• _EXERCISE DIRECTIONS_
Exactly as they appear, please output the lines from the one with "Las personas con" through the end of the material, without pictures.

• _EXERCISE DATA_
=== Begin Enclosure ===

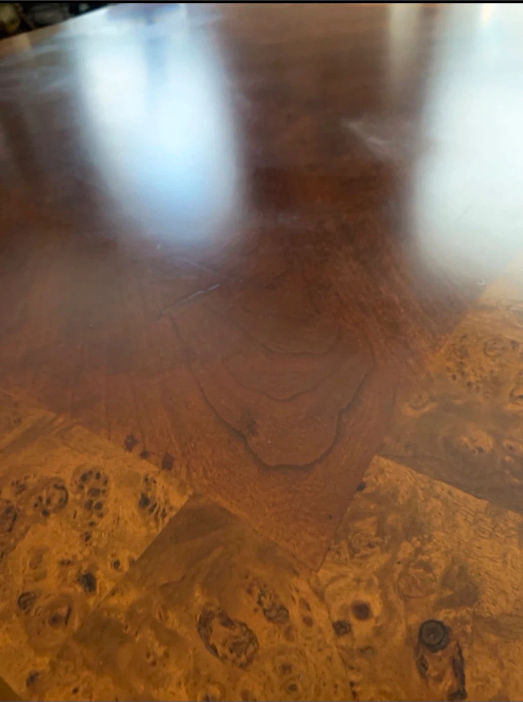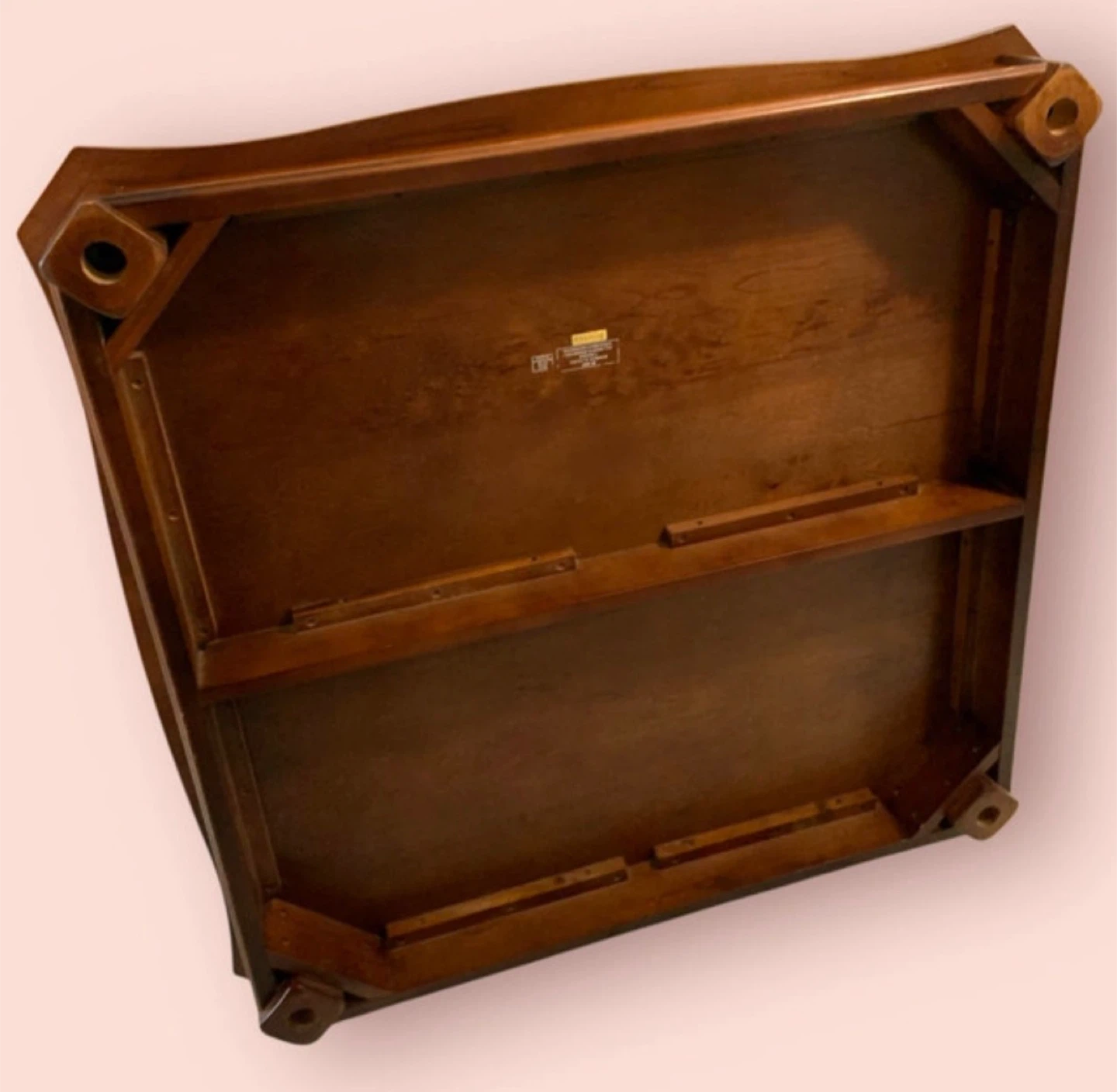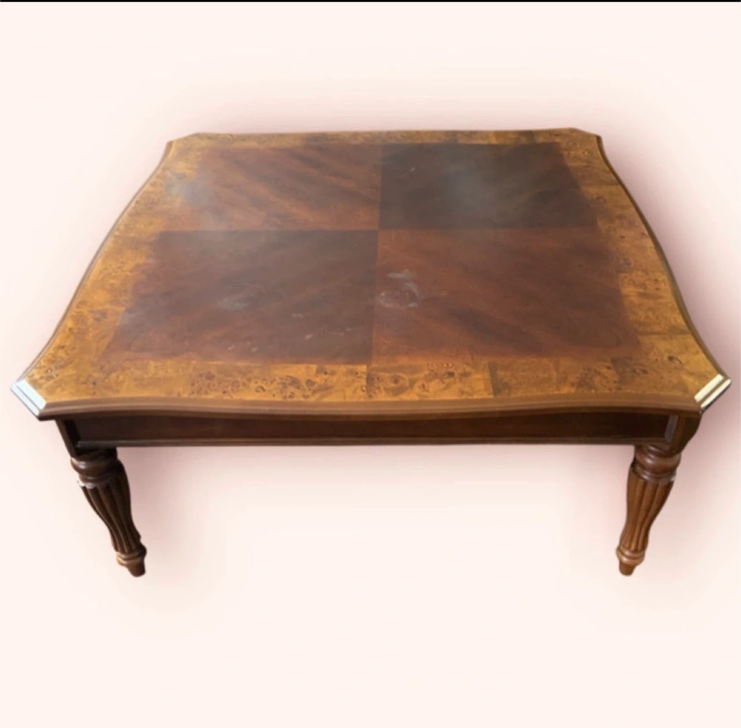 This is a square wood coffee table with detailed inlay. It features carved wooden legs and a durable finish. The table's generous surface area makes it suitable for living rooms. 40x40x18
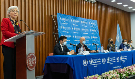 Las personas con quienes conversamos nos transmitieron la imagen de una sociedad superada por el fenómeno de las desapariciones y su impotencia frente a la inacción de algunas autoridades, expuso la jefa de la delegación del Comité de la Organización de Naciones Unidas contra la Desaparición Forzada, Carmen Rosa Villa (al micrófono), al concluir su visita al país. Se refirió a los 95 mil 121 desaparecidos en México, donde ha aumentado notablemente el número de niñas, niños, adolescentes y mujeres víctimas de ese flagelo, así como a la grave crisis forense, con más de 52 mil cuerpos sin identificar. Foto Pablo Ramos
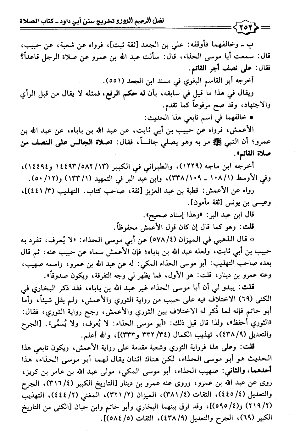 ب- وخالفهما فأوقفه: علي بن الجعد [ثقة ثبت]، فرواه عن شعبة، عن حبيب، قال: سمعت أبا موسى الحذاء، قال: سألت عبد الله بن عمرو عن صلاة الرجل قاعدًا؟ فقال: على نصف أجر القائم.
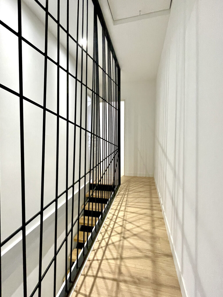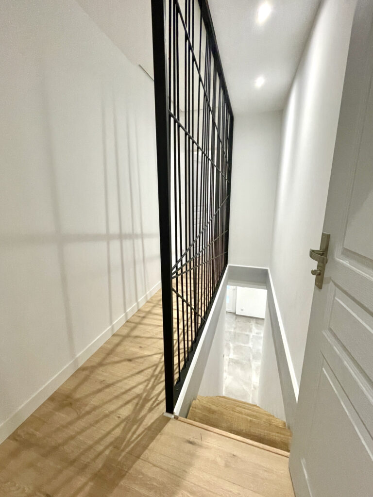 À l’étage : un palier avec garde corps de qualité et sur mesure apporte du cachet, WC, 2 chambres, une conçue avec du rangement, une avec sa propre petite salle d’eau.

=== End Enclosure ===

• _THE COMPLETED TASK_
 Las personas con quienes conversamos nos transmitieron la imagen de una sociedad superada por el fenómeno de las desapariciones y su impotencia frente a la inacción de algunas autoridades, expuso la jefa de la delegación del Comité de la Organización de Naciones Unidas contra la Desaparición Forzada, Carmen Rosa Villa (al micrófono), al concluir su visita al país. Se refirió a los 95 mil 121 desaparecidos en México, donde ha aumentado notablemente el número de niñas, niños, adolescentes y mujeres víctimas de ese flagelo, así como a la grave crisis forense, con más de 52 mil cuerpos sin identificar. Foto Pablo Ramos
 ب- وخالفهما فأوقفه: علي بن الجعد [ثقة ثبت]، فرواه عن شعبة، عن حبيب، قال: سمعت أبا موسى الحذاء، قال: سألت عبد الله بن عمرو عن صلاة الرجل قاعدًا؟ فقال: على نصف أجر القائم.
 À l’étage : un palier avec garde corps de qualité et sur mesure apporte du cachet, WC, 2 chambres, une conçue avec du rangement, une avec sa propre petite salle d’eau.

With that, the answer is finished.